Photo : Plutôt que par une échelle en Inox, l’accès à la baignade se fait par un escalier maçonné recouvert de marches en pierre. De style ancien, le bassin s’intègre à merveille au milieu des oliviers.
A quelques encablures du village de Gordes, dans le Luberon, le petit hameau des Gros regroupe quelques maisons en pierres de pays qui ponctuent l’immensité de plantations d’oliviers séculaires. L’une d’elles, transformée en chambre d’hôtes par un couple de Lyonnais et baptisée Le Moulin des Sources, a été restaurée dans le respect de son identité et de ses matériaux d’origine.
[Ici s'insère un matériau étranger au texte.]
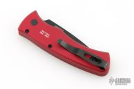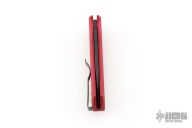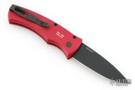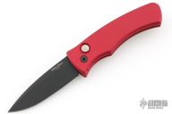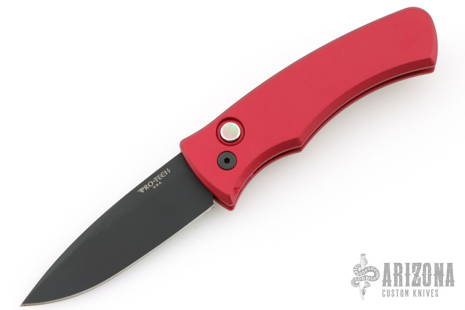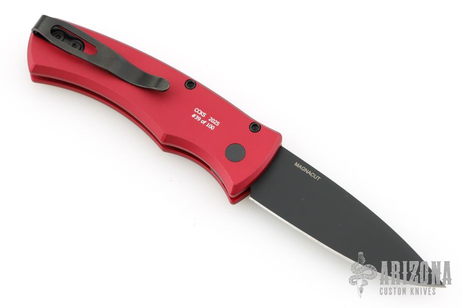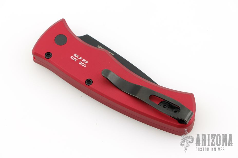 This Duke by Pro-tech features a black DLC drop point blade. The handle has a red aluminum frame with a black tip-up steel pocket clip, black lip pearl button. Includes the original box and papers. New from maker at the 2025 CCKS.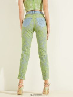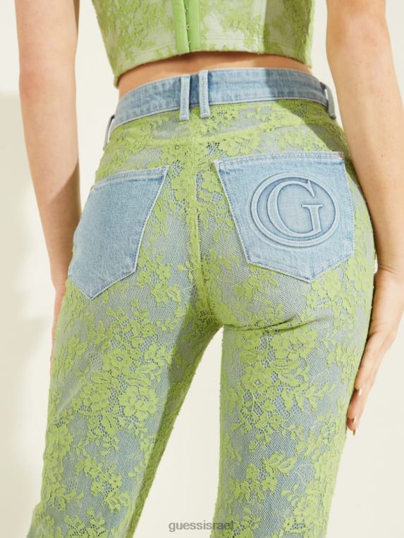 GUESS נשים סקיני ג’ינס תחרה משנת 1981 F8RV268 לבוש שטיפת תחרה ירוקה
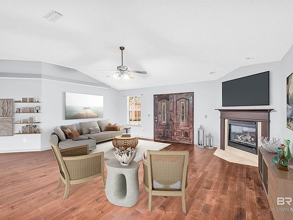 Move-In Ready Gem in Foley with a brand-new Fortified Roof! This stunning 4BR/2BA brick home is waiting for its new owners! Meticulously maintained and boasting No active HOA, this single-level haven offers the perfect blend of style and comfort. Inside, you'll discover: Open-Concept Living: Soaring ceilings and elegant hardwood floors create an inviting atmosphere for both relaxation and entertaining. Gourmet Kitchen: This well-appointed kitchen features granite countertops, a smooth cooktop, a generous pantry, and a breakfast bar – perfect for culinary creations. Master Suite Oasis: Retreat to the spacious master suite, complete with a spa-like ensuite featuring dual sinks, granite countertops, a separate shower, a garden tub, and a private water closet. Outdoor Paradise: Enjoy the serene backyard on the screened porch – ideal for summer barbecues and relaxing evenings. Peace of Mind: Tankless water heater, fireplace, sprinkler system, gutters, fresh paint, NEW alarm system, an UNDERGROUND STORM SHELTER, and an 8x12 storage shed for all your outdoor gear. Location, Location, Location: Just 14 miles to the beach and 1 block from the Foley Beach Express! Don't miss out on this incredible opportunity! Schedule your private showing today and get ready to call this amazing home your own. Buyer to verify all information during due diligence.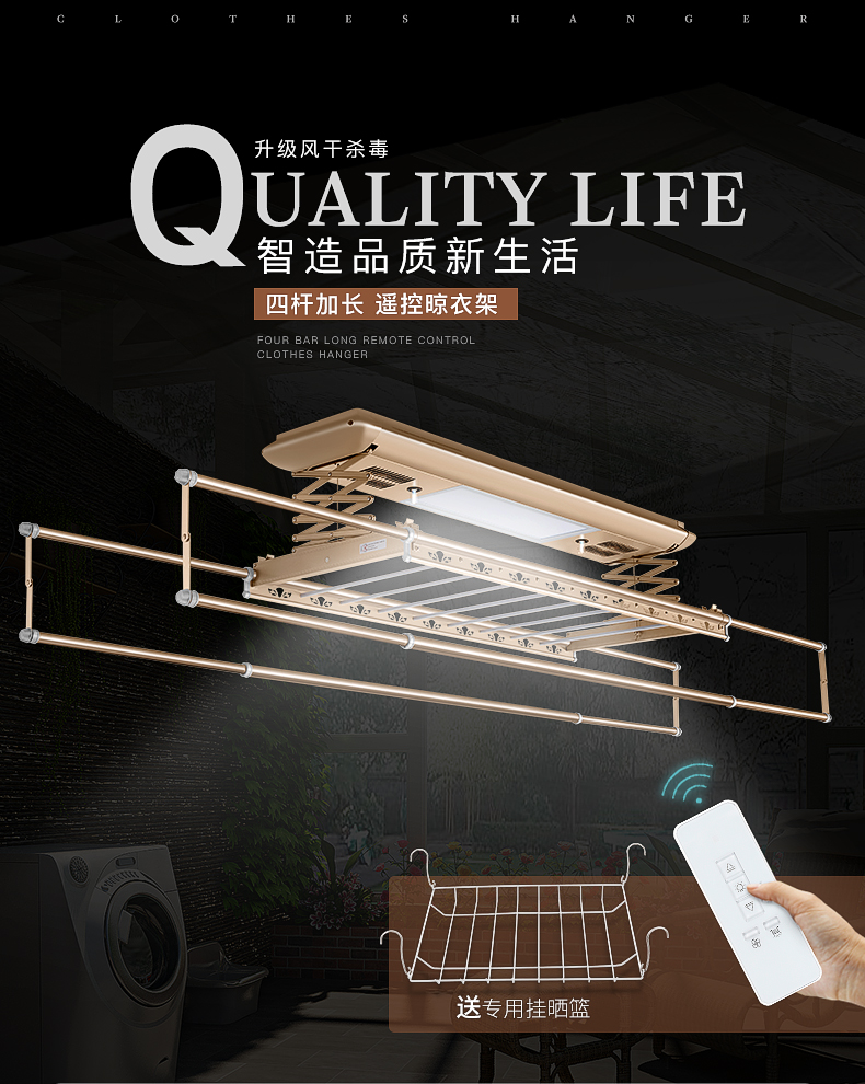 佛山電動晾衣架廠家工廠直銷電動晾衣架優(yōu)惠智能遙控聲控風干橫桿智能自動晾衣架升降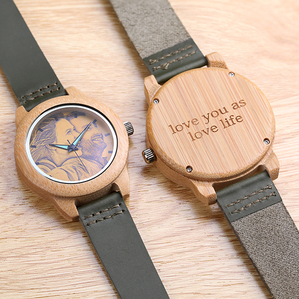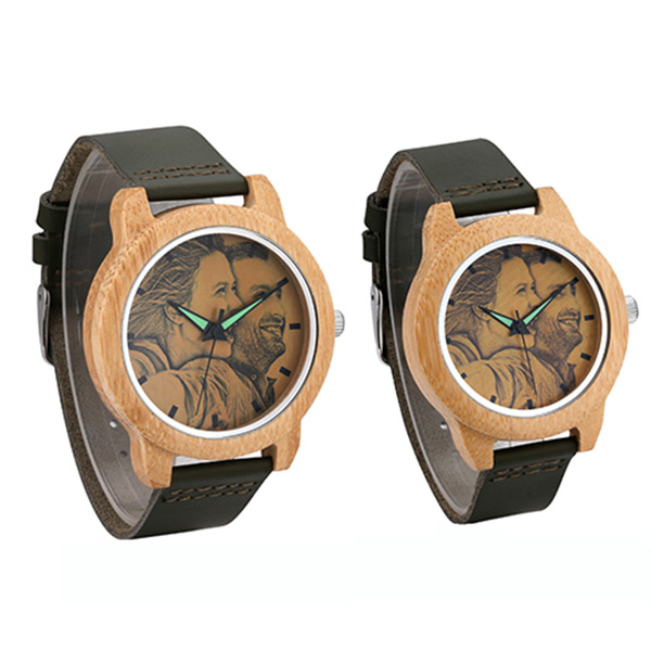 Reloj de fotos de madera de bamb¨² grabado para hombres / mujere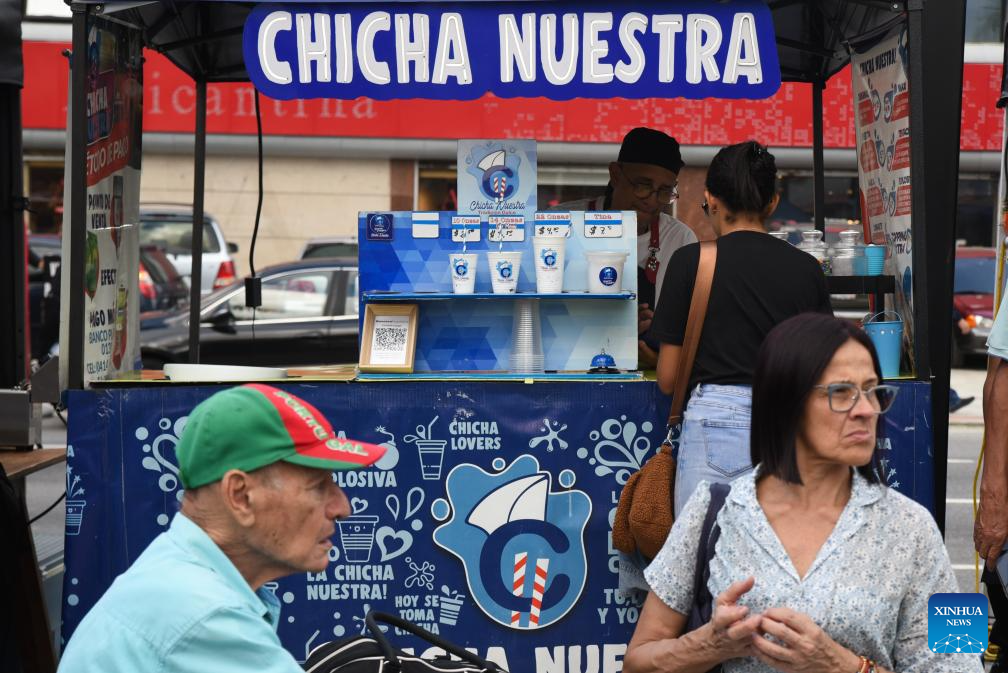 MIRANDA, 15 noviembre, 2025 (Xinhua) -- Personas caminan frente a un estand de venta de bebidas en una feria callejera, en Las Mercedes, estado Miranda, Venezuela, el 15 de noviembre de 2025. (Xinhua/Marcos Salgado)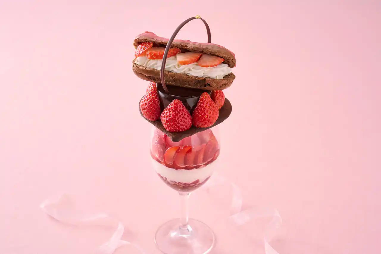 「本命パフェ~苺ショコラの贈り物~」は、苺とスイーツを美しく重ねた、華やかで贅沢なグラスパフェです。トップの苺エクレアの下には、苺ジャムとココアスポンジを重ねたケーキが隠れていて、その下のハート形のココアサブレを開くと、甘くてやさしい苺の世界がグラスの中に広がります。 |
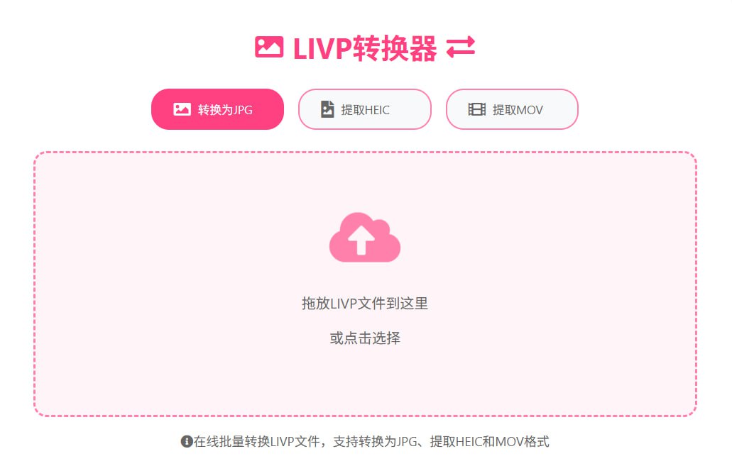 LIVP转换器 2025-04-16 🆔 网站名称:LIVP转换器 ⭐ 网站功能:图像格式转换 📁 网站简介:一个免费的将iPhone的实况照片(LIVP格式)转换为JPG格式的工具。可以通过简单的拖放操作,将LIVP文件上传到网站进行批量转换。 不仅支持将LIVP文件转换为JPG,还可以提取HEIC图片和MOV视频。 🔗 网站网址:点击打开

Ce n’est autre qu’une ancienne ferme, construite sur plusieurs niveaux au cours des époques, dont les parties les plus anciennes datent du XVIIe siècle. Cernée de murs bâtis en pierre sèche, elle se destinait autrefois à la production d’huile d’olive, comme en témoigne sa cave voûtée où les anciens propriétaires ont retrouvé un moulin à olives dont la roue était actionnée par un mulet, ainsi que d’imposantes citernes. "C’est ce qui nous a séduits tout de suite, raconte le propriétaire de la demeure. Le lieu nous attirait par son histoire et son côté mystérieux."